Kazın ayağı öyle değilmiş. Hayvan tartılır tartılmaz tüccarlar ve kasaplar birbirlerine kaş-göz işareti yapmaya başladılar. Ortamda kimin sözü geçiyorsa, hangi tüccar ya da kasap daha büyükse forsunu koyuyor, sabahtan gözüne kestirdiği hayvanı almak için diğer tüccarları kesiyor.

Alan memnun, satan değil..

Zil çaldı, açık arttırma 8 lira 15 kuruştan başladı, 8.27’de bitti. İki kişi arttırdı ve taban fiyatın üzerine sadece 12 kuruş çıktı yani. Ben de safım ya, böyle heyecanlı bir arttırma olacak diye bekliyorum. Nerde...

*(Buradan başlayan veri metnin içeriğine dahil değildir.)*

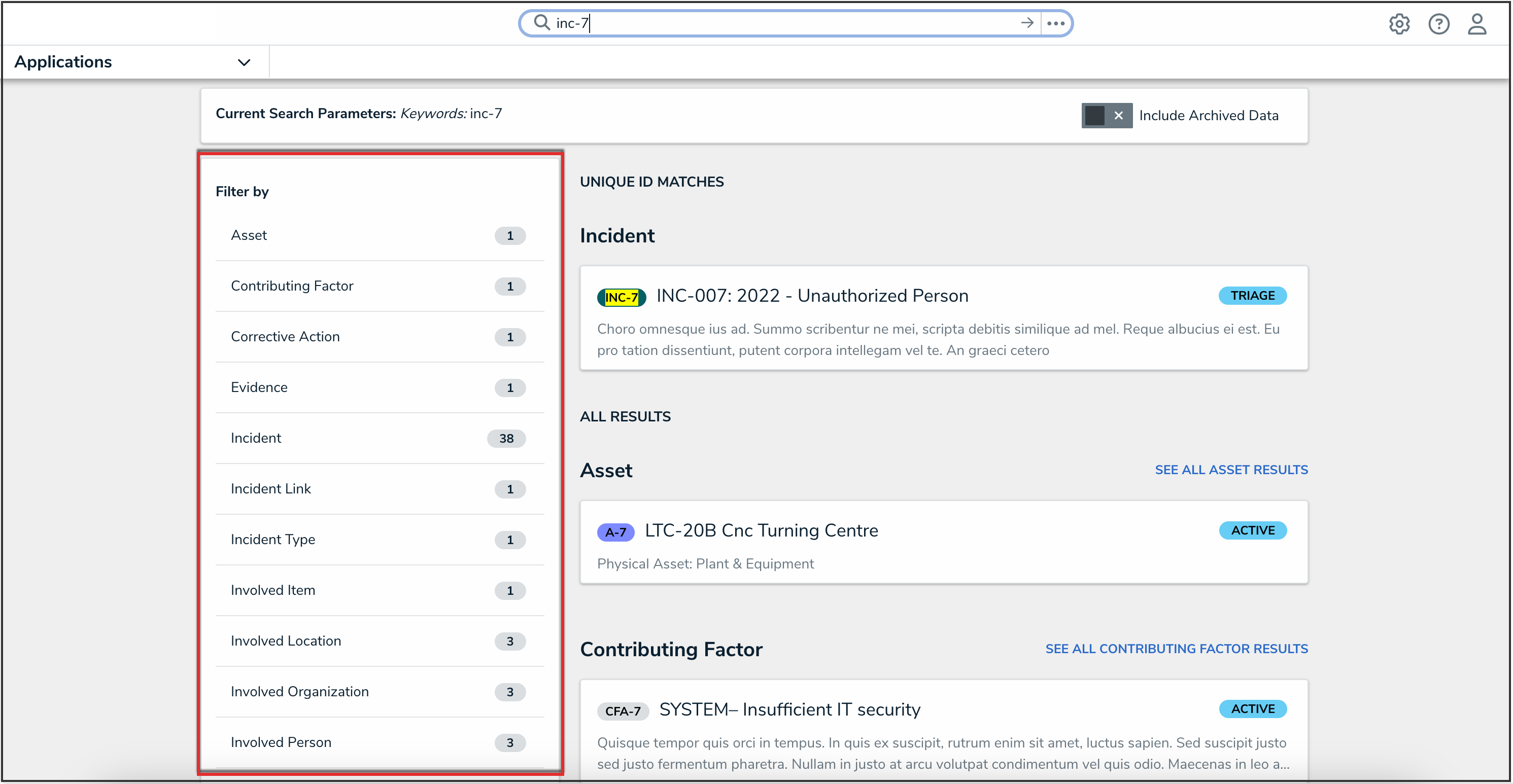 When users search for a unique ID and include the monogram (for example, INC-7) the search results will display an exact match for the unique ID at the top of the results under the Unique ID Matches section. All other results will be displayed under the All Results section.

Muharrem abiye sordum bu ne böyle diye, “ne yapalım be kızanım, köylüyüz biz, şehirli kodamanlara gücümüz yetmez bizim” dedi ve devam etti “ben de biliyorum kışın kasap kasap gezip güzel fiyat bulmasını da Denizbank’ın vadeleri geldi.”

Velhasıl, serbest piyasaların olmazsa olmazı olan borsalarda fiyatlar böyle belirleniyor işte. Arzmış, talepmiş, verimlilikmiş, marjinal üretkenlikmiş, hepsi palavra... Tek bir gerçek var, o da sınıf mücadelesi... Ekonomik olarak güçlü ve örgütlü olan sınıf düdüğü çalıyor.

Şimdi tam tersini düşünün... Köylülerle hayvancılık kooperatifi kurarak örgütlensek. Biz ihtiyaçtan ötürü hayvan satacağımız zaman burjuva borsasına gitmesek de kapitalistler üretimde ete ihtiyaç duydukları zaman bizim kooperatifimize gelseler... Biz bu düzenbazların aralarında anlaştığı fiyatlara tabi olmasak da onlar kooperatifimizin belirlediği fiyatlardan alsalar.. Onların da ayakkabıları batsa, üstü başı hayvan koksa...

Serbest piyasalar ekonomik ve siyasi örgütlülüğü olanı kollayan, olmayanı ezen kurumlardır. Bu bakıma etkin sendikacılık emekçiler için ne kadar önemliyse kooperatifçilik de küçük çiftçiler bir o kadar önemlidir.